Grants Help South Alabama Governments Reduce Energy Cost by HC120705184215


									    For Immediate Release:                                                                     Contact:
    Tuesday, Feb. 2, 2010                                                                      Mike Presley
                                                                                               Larry Childers
                                                                                               (334) 242-5525

 Grants Help Southeast Alabama Governments Reduce Energy Costs
MONTGOMERY—Gov. Bob Riley has awarded economic stimulus grants totaling $839,152 to help four local
governments in southeast Alabama save energy and reduce utility bills by making improvements to their facilities.
        Riley awarded grants of $250,000 each to Andalusia, Ozark and Houston County and an $89,152 grant to
Enterprise as part of $9.6 million in funding to be awarded under the Energy Efficiency and Conservation Block
Grant program. The program helps local governments and nonprofit groups improve the energy efficiency of
buildings and vehicles, reduce fossil fuel emissions and create or retain jobs.
        “Making these improvements to our public buildings is a good economic and environmental investment,”
Riley said. “In addition to providing work for construction professionals, the energy-saving steps we take today will
save governments and taxpayers thousands of dollars in the future.”
        Andalusia will replace 10 water pumps at the city’s wastewater treatment plant and central pumping station
with new models that will use an estimated 25 percent less energy. City officials say the new pumps will save
$18,487 in utility costs per year and create six temporary jobs.
        Enterprise will replace old lighting fixtures at City Hall, E.A. "Moose" Hope Gym, the city’s Public Works
building, the city Recycle Center, the city’s airport terminal and the Enterprise Water Works maintenance plant. The
project will replace 1,000 lighting fixtures with models that that produce an equivalent amount of light using lower
wattage bulbs. The new, more-efficient fixtures will save the city about $35,000 per year and create five temporary
jobs, Enterprise officials say. The city is contributing $15,789 toward the project.

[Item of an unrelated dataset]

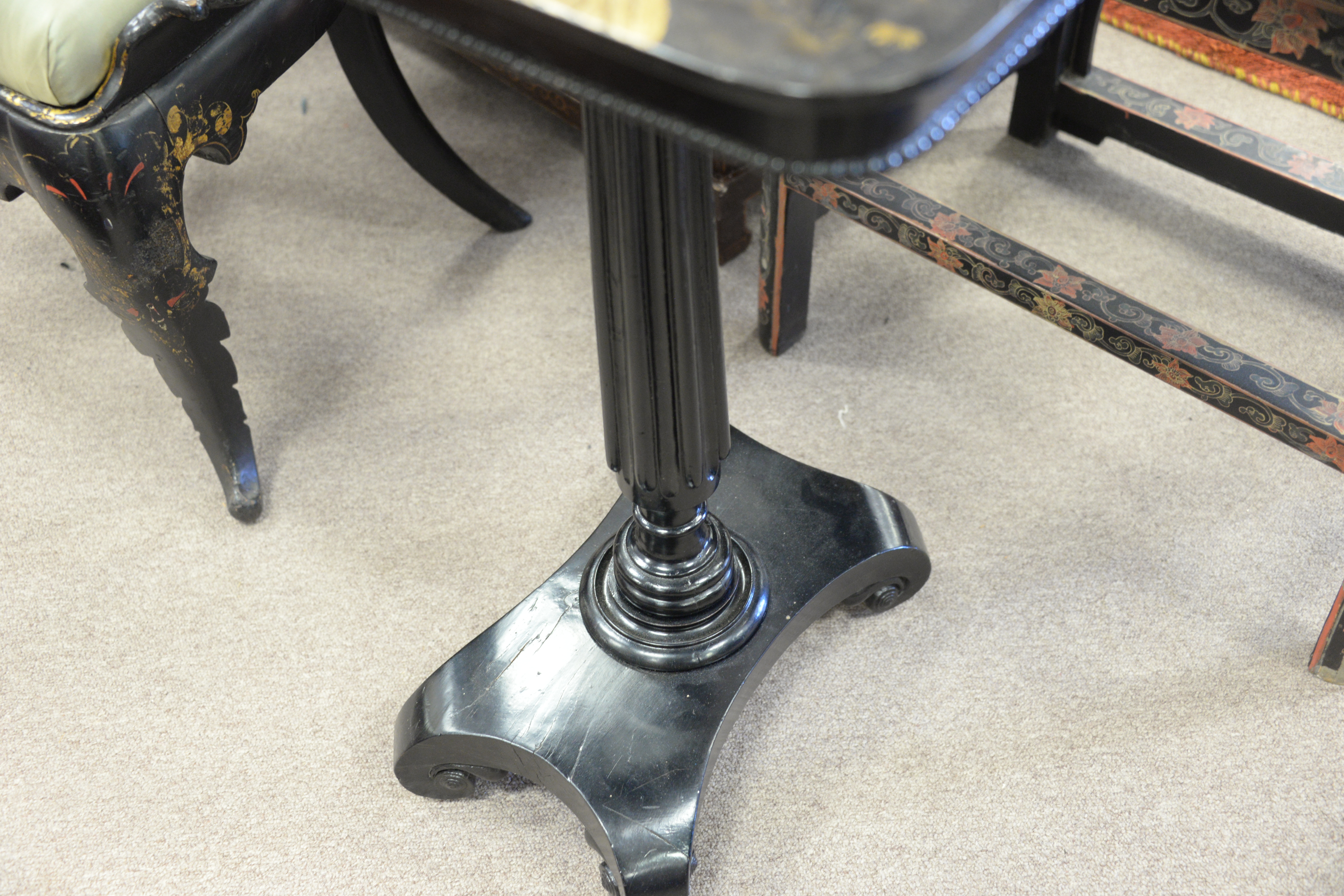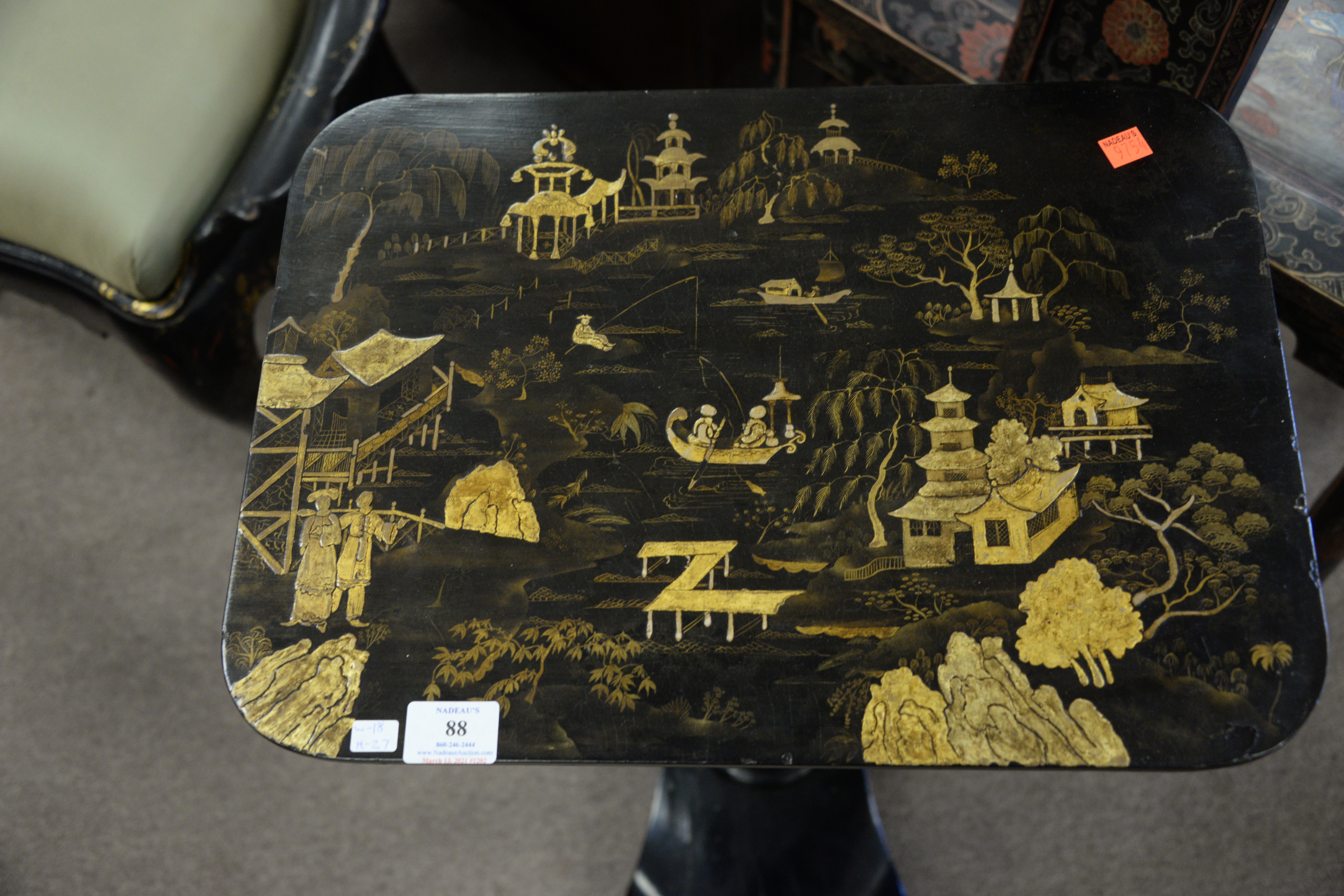Lot 88: Black Lacquered Stand, gilt chinoiserie decorated landscape scene height 27 inches, top 13 x 18.

        Houston County will upgrade lighting fixtures in the county’s administration building, courthouse, health
department building, community corrections facility and farm extension office. The project also will include
installation of a dehumidification system in the county administration building that will re-circulate heated and
cooled air. County officials estimate that the upgrades will create 11 temporary jobs and save $81,969 in utility costs
per year.
        Ozark will replace the old heating and air conditioning system at East Gate Business Park, a small business
incubator center, with 20 mini heat pumps, one for each business space in the building. The project also will include
the installation of an individual power meter on each unit, so the fledgling businesses located in the center will pay
only for the electricity they use instead of splitting the electricity bill in equal parts. City officials estimate the new
equipment will save $20,706 in annual heating and cooling costs and create six temporary jobs.
        The Alabama Department of Economic and Community Affairs is administering the awards from funds
made available by the U.S. Department of Energy as part of the American Recovery and Reinvestment Act of 2009.
        Riley notified mayors Earl Johnson of Andalusia, Kenneth Boswell of Enterprise and Billy Blackwell of
Ozark as well as chairman Mark Culver of the Houston County Commission that the grants had been approved.